-- What is needed --
Below are some records. Quote exactly the lines from the one that contains "Nous découvrons en" through the last, both included, and leave out the pictures.

=== Data for this exercise ===

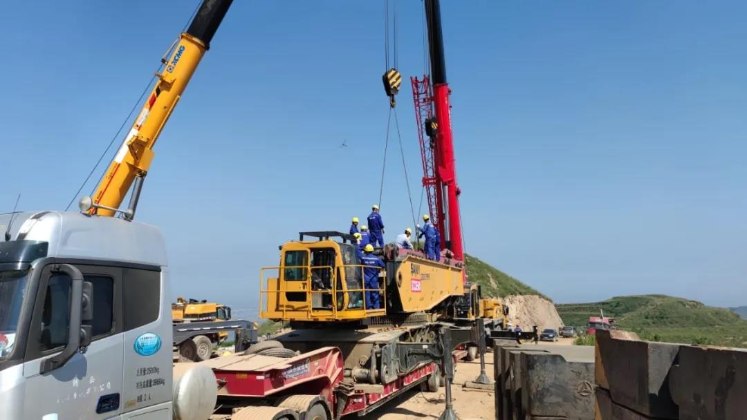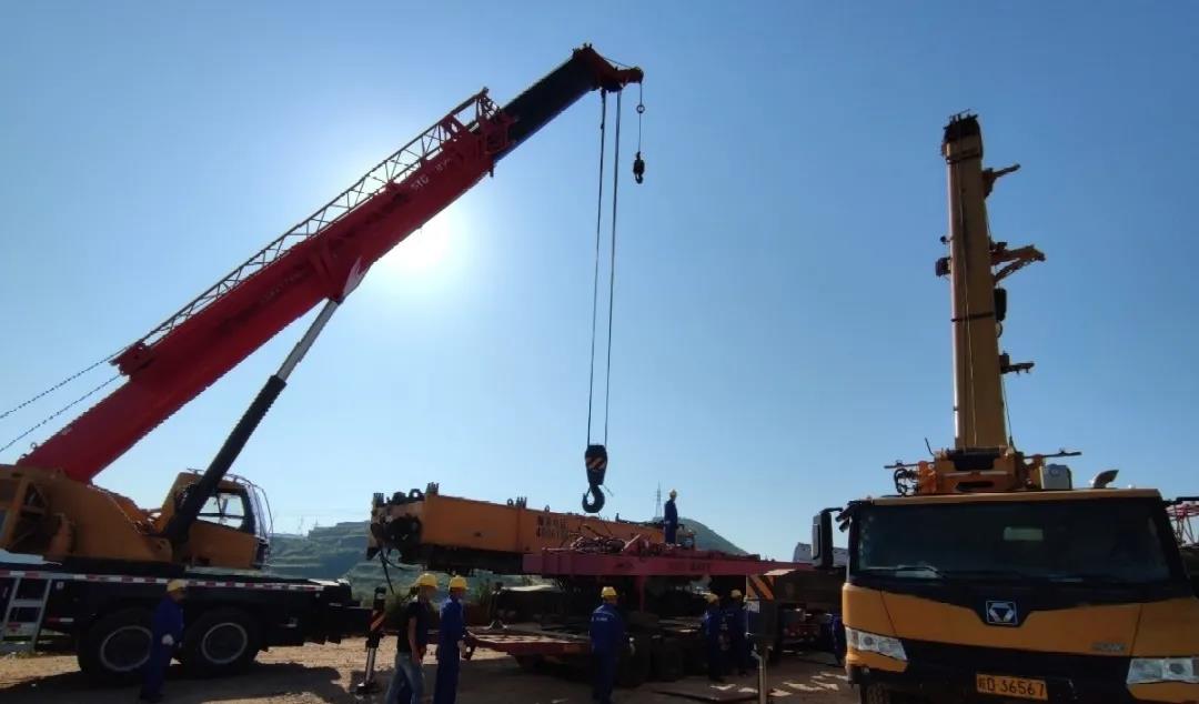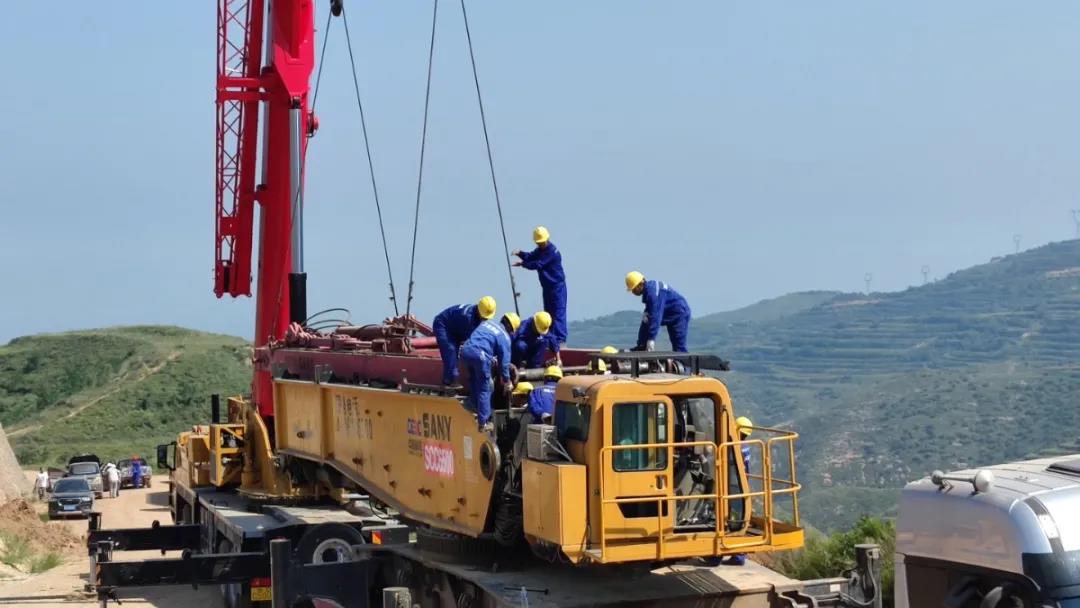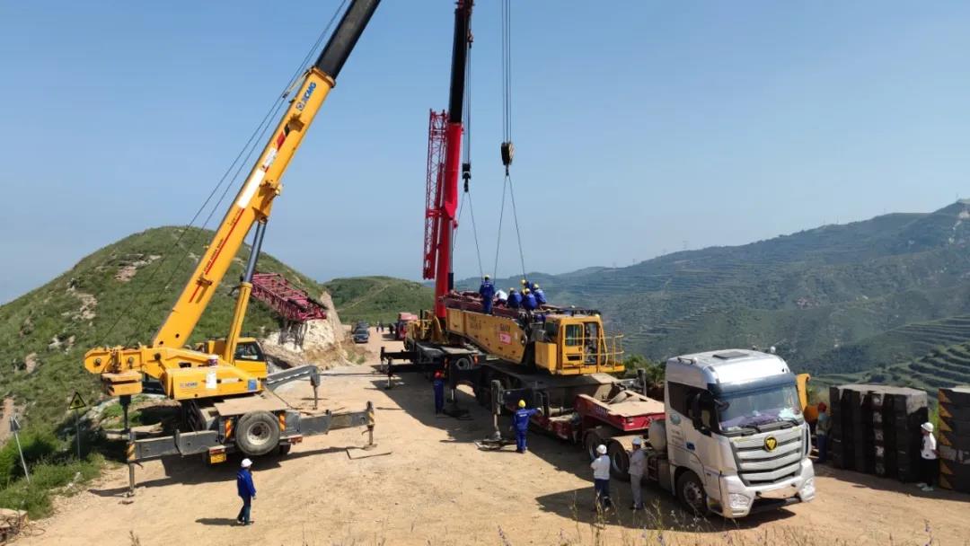 2020年8月27日,在位于山西省侯馬市紫金山的安裝公司風(fēng)電項(xiàng)目,租賃分公司的青年骨干不懼高溫,在大山頂上正式開始組裝主力起重機(jī)械——650噸履帶式起重機(jī)。目前噸位較大的主機(jī)(80噸)、龍門架(20噸)、履帶板(2*58噸)及配重均已成功拖運(yùn)到山頂組裝點(diǎn),整個(gè)組裝及調(diào)試工作預(yù)計(jì)4-5天完成。裝調(diào)完畢后,該履帶式起重機(jī)將為安裝公司第一臺(tái)風(fēng)力發(fā)電機(jī)組裝提供堅(jiān)實(shí)、可靠的吊裝力量!
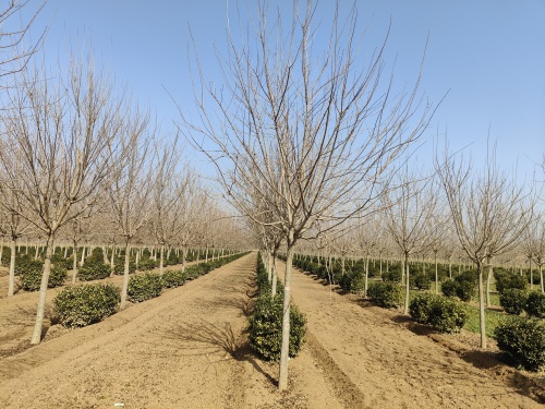 在扶风元宝枫试验示范基地附近一处树林,一行行元宝枫整整齐齐“站立”,横竖间距均5米。这里是宝鸡绿美枫彩园林绿化有限公司的种植基地,公司负责人乌乃奇说:“这种5×5的种植方式,有望让今年的元宝枫种子产量每亩超过1吨,即成为‘吨果田’。”
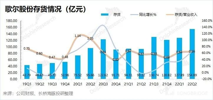 ②存货:歌尔股份 2022 年第二季度存货 154.89 亿元,同比增长 66.2%。从存货/营业收入指标看,歌尔股份本季度继续上升至 0.66。歌尔存货水平比 2021 年整体较高,主要是因为 Airpods 和手机业务的需求趋于疲软,整体仍在相对合理的水平。
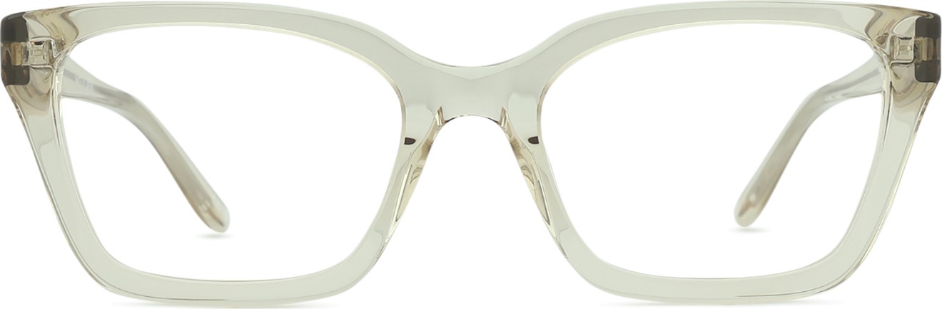 Beżowy kolor oprawek doskonale pasuje do ciepłego odcienia skóry oraz do jasnobrązowych włosów.
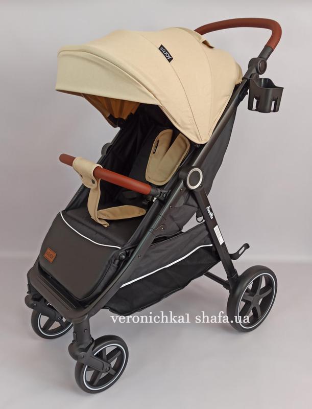 Детский прогулочный коляска коляска "JOY" В комплекте футкавер, подстаканник, дождевик. Характеристики: • спинка регулируется с помощью ремешковой системы, плавно вплоть до полностью горизонтального положения • легко складывается, занимает мало места, удобна для транспортировки • удобный, компактный механизм складывания • может стоять в сложенном виде • размер передних колес: 7”, поворотные, съемные, материал PU • Размер задних колес: 10``, материал PU • Глибокий капюшон • Смотровое окошко из сетки на капюшоне • 5-ти точечные ремни безопасности • тормозная система нового вида на задних колесах • мягкая подвеска: амортизаторы на передних и задних колесах • жесткий защитный бампер • вместительная корзина для покупок • обивка легко снимается, можно стирать при 30°С Вес коляски: 9,6 кг Вес с упаковкой: 10,8 кг
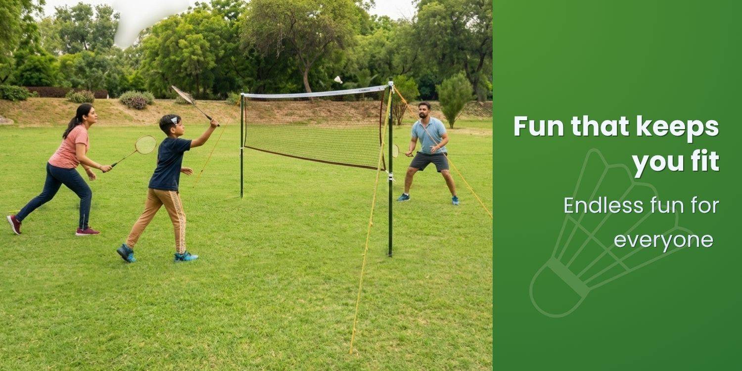 Adjustable Height NetSettle Cork Bat SetBadminton Net Set Portable Adjustable Outdoor with Foldable Stand Pole5.1M Badminton Net with Foldable Stand Poles & Carry Bag for Outdoor Shop by Category Net with Stand Court Lines Badminton Poles Badminton Nets Portable Courts Volleyball Court Lines Why Choose FunBadmenton? Big Official Size Net Official size net ensures proper badminton play, suitable for both kids and adults. No Digging Required Unlike traditional poles, no digging needed, so set up net in minutes Portable & Lightweight Super stable, lightweight and durable. Set Up Your Own Court Turn any open space into a badminton court in minutes. Customer Favorites Official size net ensures proper badminton play, suitable for both kids and adults. 85for website7 Sale! Add to cart Badminton Court Lines Doubles Boundary Line (Yellow) ₹7,000.00 Original price was: ₹7,000.00.₹3,299.00Current price is: ₹3,299.00. Add to cart Sale! Add to cart Badminton Net with Stand Portable Badminton Net with Carry Bag (White Poles) ₹7,000.00 Original price was: ₹7,000.00.₹3,499.00Current price is: ₹3,499.00. Add to cart Sale! Add to cart Badminton Net with Stand Portable Badminton Net (White Poles) ₹7,000.00 Original price was: ₹7,000.00.₹3,200.00Current price is: ₹3,200.00. Add to cart Sale! Add to cart Badminton Net with Stand Portable Badminton Net (Black Poles) ₹7,000.00 Original price was: ₹7,000.00.₹3,200.00Current price is: ₹3,200.00. Add to cart Also Available on Amazon & Flipkart. Buy on Amazon Buy on Flipkart
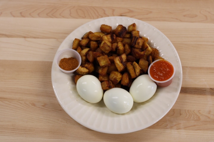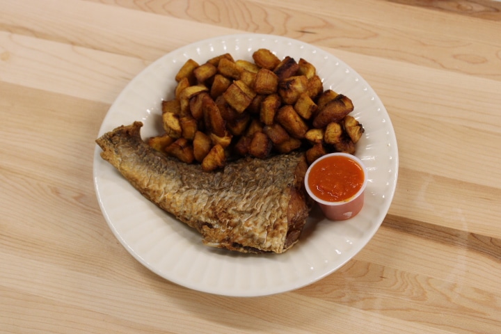 Ce plat africain populaire et savoureux se compose de tranches de bananes plantains frites saupoudrées de sel et d’épice. Il est ici accompagné de poulet braisé.
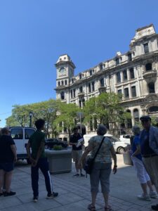 Once most of the research was complete, the tour was written. The tour took attendees from the Syracuse Weighlock Building to Clinton Square then on to Fayette Park with many stops along the way, including the sites of hotels that hosted conventions for women’s suffrage, places where suffragists gave speeches, and the site where Susan B. Anthony’s portrait was burned by people protesting her work. This walking tour covered how the Erie Canal changed life and work for women, sites where events occurred that helped to achieve suffrage, and a bit about the achievement of the 19th amendment and introduction of the Equal Rights Amendment.
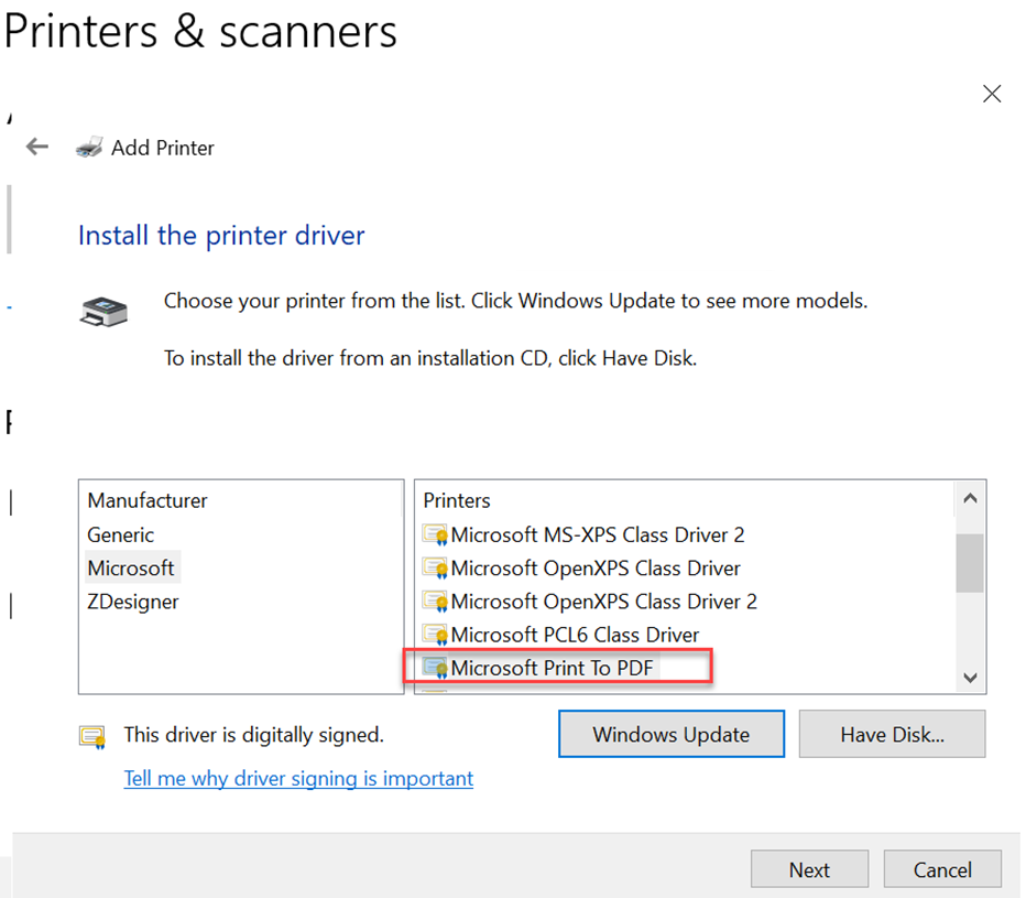- Select Microsoft Print to PDF and click Next
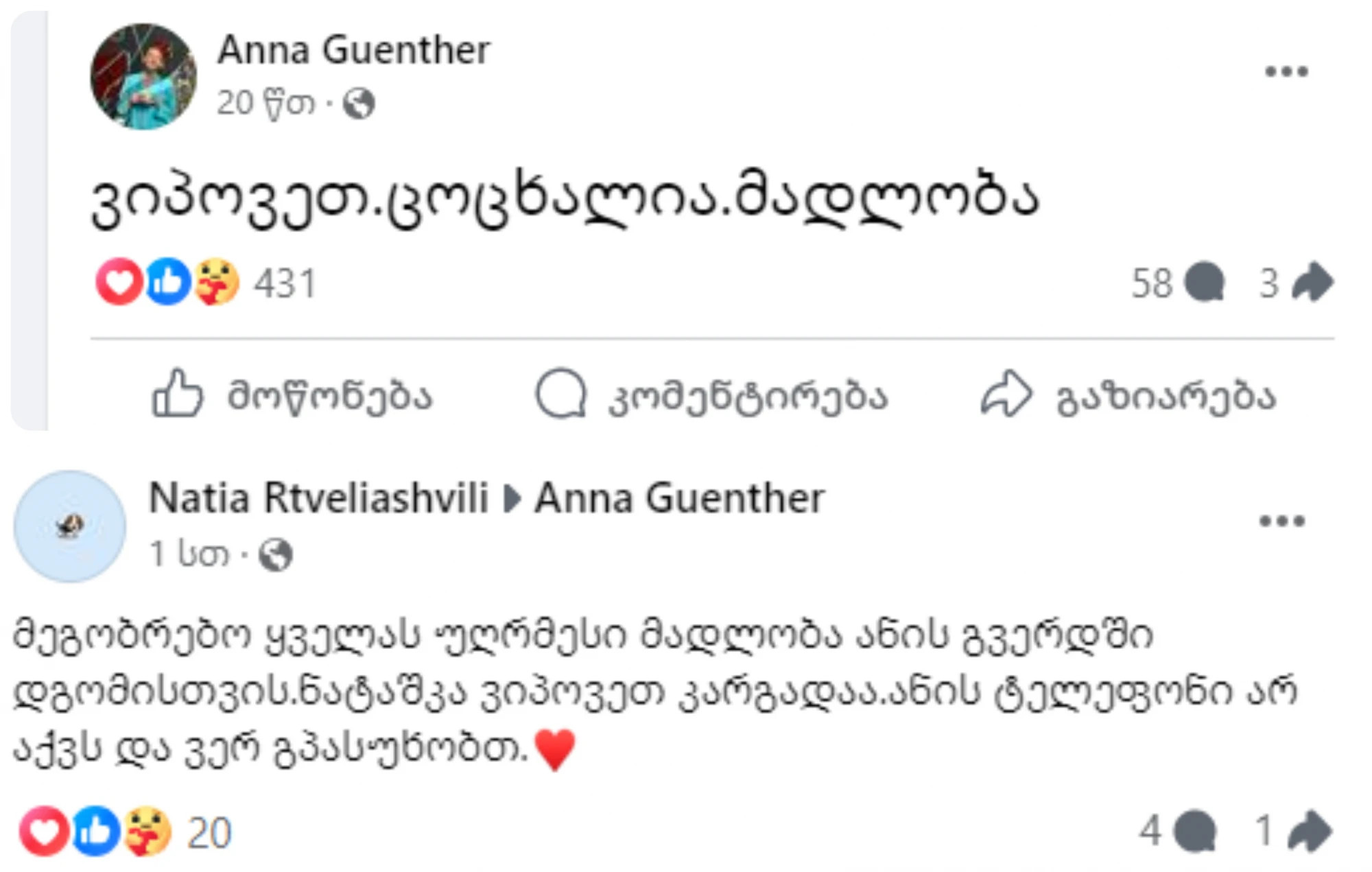 „მეგობრებო ყველას უღრმესი მადლობა ანის გვერდში დგომისთვის. ნატაშკა ვიპოვეთ კარგადაა. ანის ტელეფონი არ აქვს და ვერ გპასუხობთ“, - წერს ნათია რთველიაშვილი.
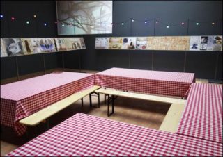 Nous découvrons en effet des tables recouvertes de nappes blanches et rouges à carreaux, avec des verres, des bouteilles de bières et d’eau entamées, des corbeilles à pain, des guirlandes multicolores et une immense marmite, comme si l’on débarquait après le festin de la fête du village.
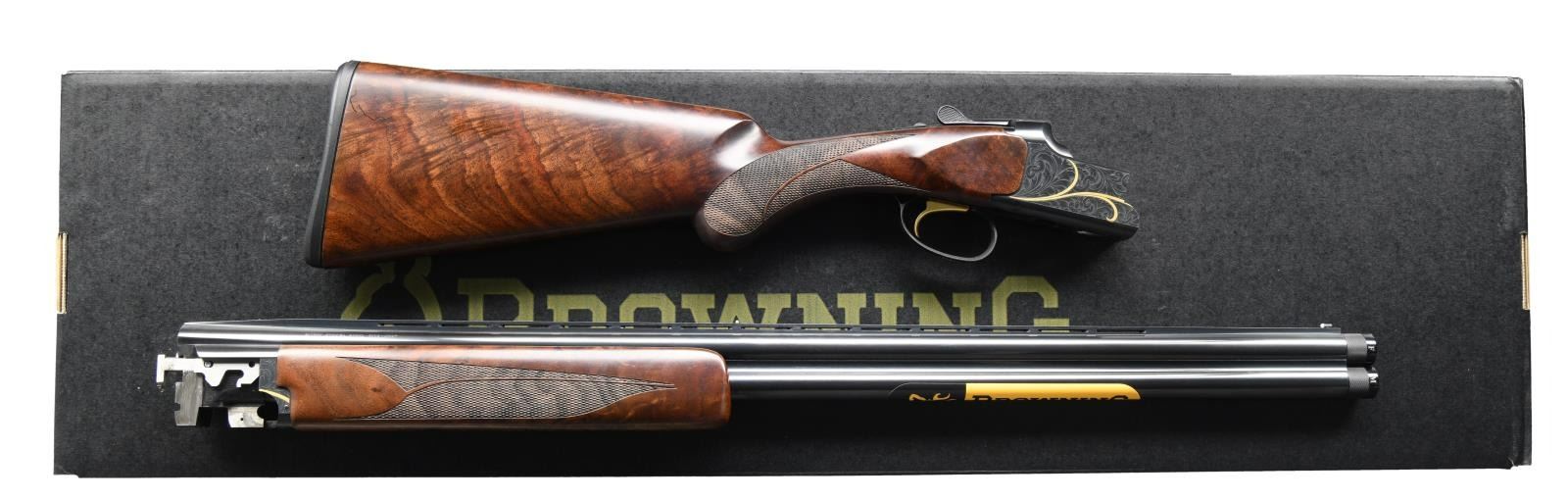 SHOTGUN WITH BOX. Cal. 16 Ga., 2 3/4". S# JP16695YY131. Blued 28" VR bbls. with Full/Mod "MIDAS" black screw in chokes. Blued boxlock action with intertwining scroll and gold accents at sides. Bottom of action marked "Gran Lightning". Checkered Lightning style stock and forearm of nicely figured American walnut with Inflex recoil pad. UNATTACHED ACCESSORIES: matching Browning black cardboard box with foam inserts, lock, chokes and paperwork. CONDITION: all aspects near excellent; appears new. PROVENANCE: The Collection of Gun Sport Ltd. owned by Jon R. Thomas. (23-3440/BH). MODERN. $3,000-3,700.

===

-- Solution for this exercise --
 Nous découvrons en effet des tables recouvertes de nappes blanches et rouges à carreaux, avec des verres, des bouteilles de bières et d’eau entamées, des corbeilles à pain, des guirlandes multicolores et une immense marmite, comme si l’on débarquait après le festin de la fête du village.
 SHOTGUN WITH BOX. Cal. 16 Ga., 2 3/4". S# JP16695YY131. Blued 28" VR bbls. with Full/Mod "MIDAS" black screw in chokes. Blued boxlock action with intertwining scroll and gold accents at sides. Bottom of action marked "Gran Lightning". Checkered Lightning style stock and forearm of nicely figured American walnut with Inflex recoil pad. UNATTACHED ACCESSORIES: matching Browning black cardboard box with foam inserts, lock, chokes and paperwork. CONDITION: all aspects near excellent; appears new. PROVENANCE: The Collection of Gun Sport Ltd. owned by Jon R. Thomas. (23-3440/BH). MODERN. $3,000-3,700.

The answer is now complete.